Los animales viven juntos porque la cooperación, en las condiciones adecuadas, rinde en la única moneda que la selección natural contabiliza, que son los genes transmitidos a la siguiente generación. Darwin señaló a los insectos obreros estériles como una dificultad casi fatal en 1859, y W. D. Hamilton la resolvió en 1964 con la regla r·B > C, mostrando que un gen de ayuda se propaga cuando el beneficio para un pariente, ponderado por el parentesco, supera el coste para quien ayuda, porque los parientes portan copias de los mismos genes y la aptitud inclusiva contabiliza la reproducción que uno posibilita en los demás. La haplodiploidía agudiza el trato en las abejas, las hormigas y las avispas, dando a las hermanas completas un parentesco de 0,75 frente al 0,5 entre madre e hija, y contribuyó a impulsar la eusocialidad, que E. O. Wilson definió mediante las generaciones solapadas, el cuidado cooperativo de las crías y una división reproductiva del trabajo, y que aparece en las abejas melíferas, las termitas y las ratas topo lampiñas.

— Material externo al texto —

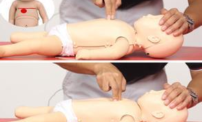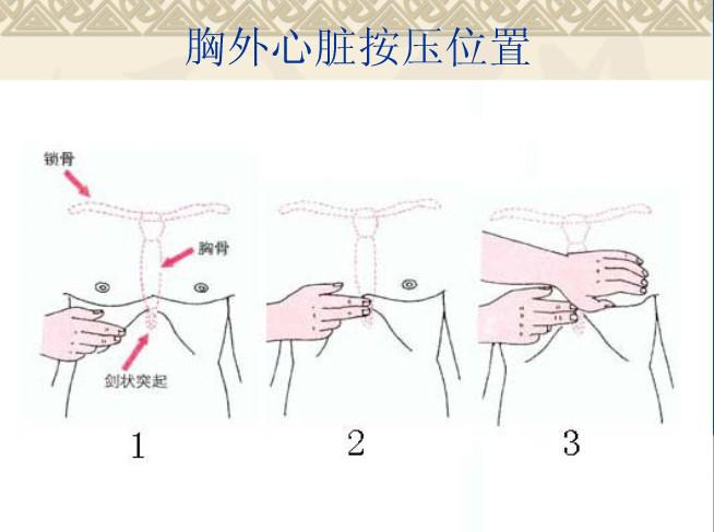 (1)按压部位:找准患儿两乳头连线中点部位(胸骨中下段),用一手掌根部紧贴患者胸骨,另一只手叠放在该手上,十指交叉,双臂伸直,且双臂位于患者胸骨正上方,也可单掌操作。

Entre los no parientes, la cooperación aún puede evolucionar mediante la reciprocidad, como mostró Robert Trivers en 1971 y demuestran los murciélagos vampiro, mientras que las jerarquías de dominancia como el orden de picoteo de Schjelderup-Ebbe recortan el coste de la vida en grupo al zanjar los conflictos antes de que se vuelvan violentos. La selección de parentesco se impuso sobre la ingenua selección de grupo, el altruismo significa aquí un acto que reduce la aptitud antes que un acto moral, y la misma lógica estructura las grandes transiciones que construyeron la complejidad a lo largo de la historia de la vida.